In showbiz, a famous family name might guarantee a meal ticket but free lunches don’t come easy, writes Saibal Chatterjee
SAIBAL CHATTERJEE | Issue Dated: November 3, 2012, New Delhi
Tags : abhishekh bachchan | amitabh bachchan | imran hashmi | uday chopra | bollywood kids |
 

In October last year, the Mumbai movie industry was witness to an interesting sideshow. Voluble adman Prahlad Kakkar, speaking on a panel at the 2011 Mumbai Film Festival, dubbed Bollywood a “pop and mom shop”. Tongue firmly in cheek, he quipped: “Abhishek Bachchan has delivered 17 flops in a row but he is still going strong. He is unique – he should be in the Guinness Book of World Records.”

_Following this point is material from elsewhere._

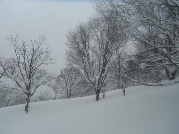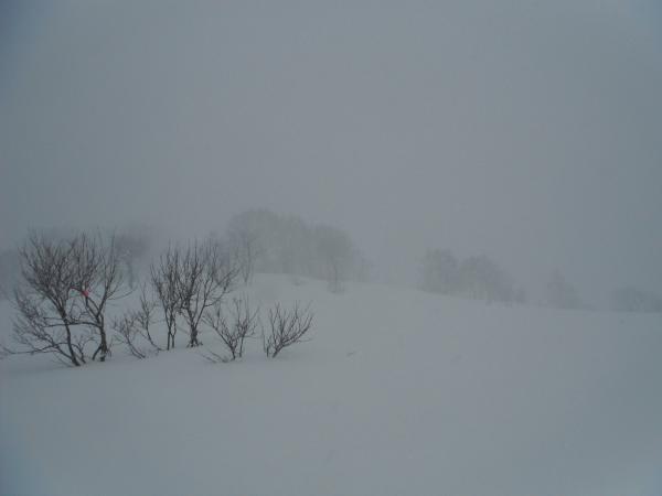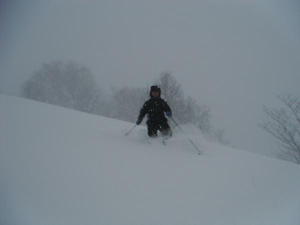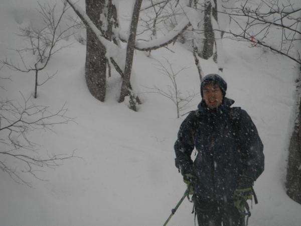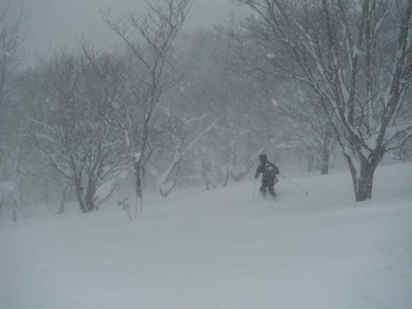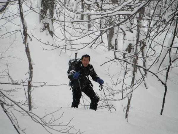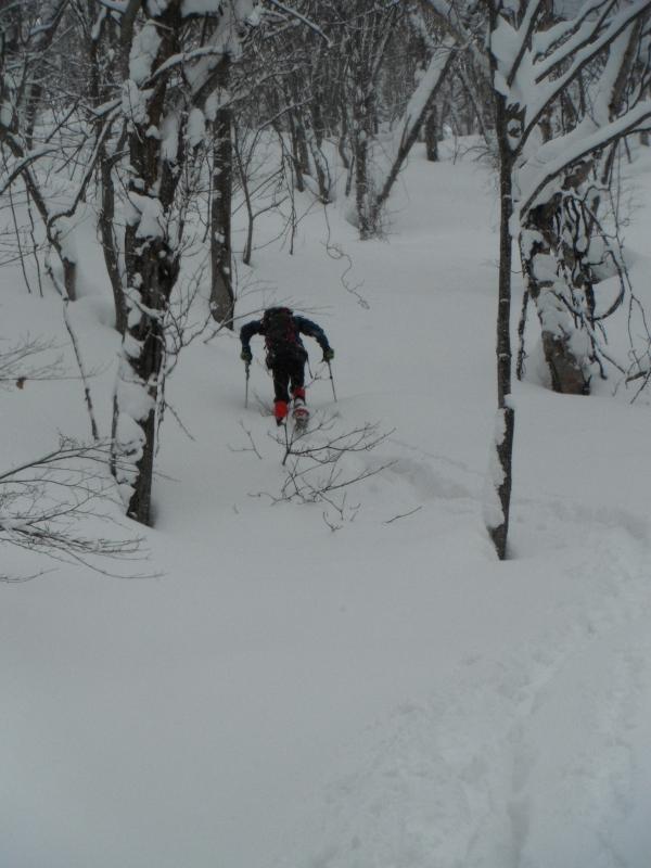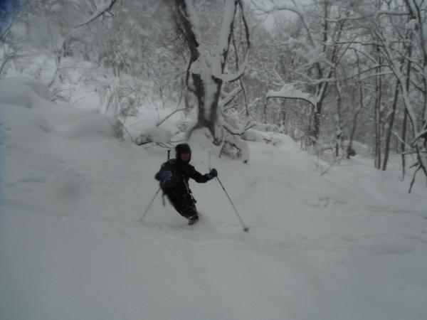 頂上直下から沢筋に入り込むまでは緩い斜面に重いパウダーだったので直滑降気味に滑りました。
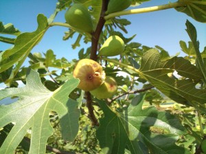 イチジクの実が熟してきました。先日、千代のお母さんが枝を分けてほしいと言うので、なるべく下がっている枝の中間を、先を曲げた鉄筋で引っ掛けて土に打ち込んで止めて、土についた枝の上にスコップで土を被せておきました。こうすれば、そこから根が生えて分けることができるという訳です。その際、実を手さげ袋一杯採ってきたのですが沢山すぎて半分すてられましたが、残りは丸ごとのジャムにしてくれて、朝ヨーグルトに混ぜて食べるとなかなか美味です。無花果(むかか)というくらいで花が咲かないのですが、果実に思えるのは言わば花の外袋で、中の粒粒が花なのだそうです。また、イチジク浣腸というのは形が似ているからとばかり思っていましたが、実は下剤的な効果があり、常に便秘のお母さんが2つ食べたら強烈な下痢をして嬉しかった?ようでした。

The reaction was predictably prickly and prompt. Bachchan Jr hit back at Kakkar, calling him a “better stand-up comedian than an ad filmmaker”. The usually argumentative ad industry doyen retreated and tendered an apology to the actor. But did he really need to? He had, in the garb of a jocular jibe, only articulated a generally accepted fact of life in tinsel town.

Sons, daughters, nephews and nieces of Bollywood stars, producers and directors are indeed a charmed lot. It is a closed, incestuous industry in which ‘outsiders’ are viewed with suspicion, if not outright contempt, unless the newcomer in question happens to be too gifted to be ignored.

Would Uday Chopra have had an acting career (for whatever it is worth) had he not been producer-director Yash Chopra’s son? Or, would anybody have consistently backed Tusshar Kapoor if he was not Ekta Kapoor’s brother and Jitendra's son? Who you are related to matters in moviedom.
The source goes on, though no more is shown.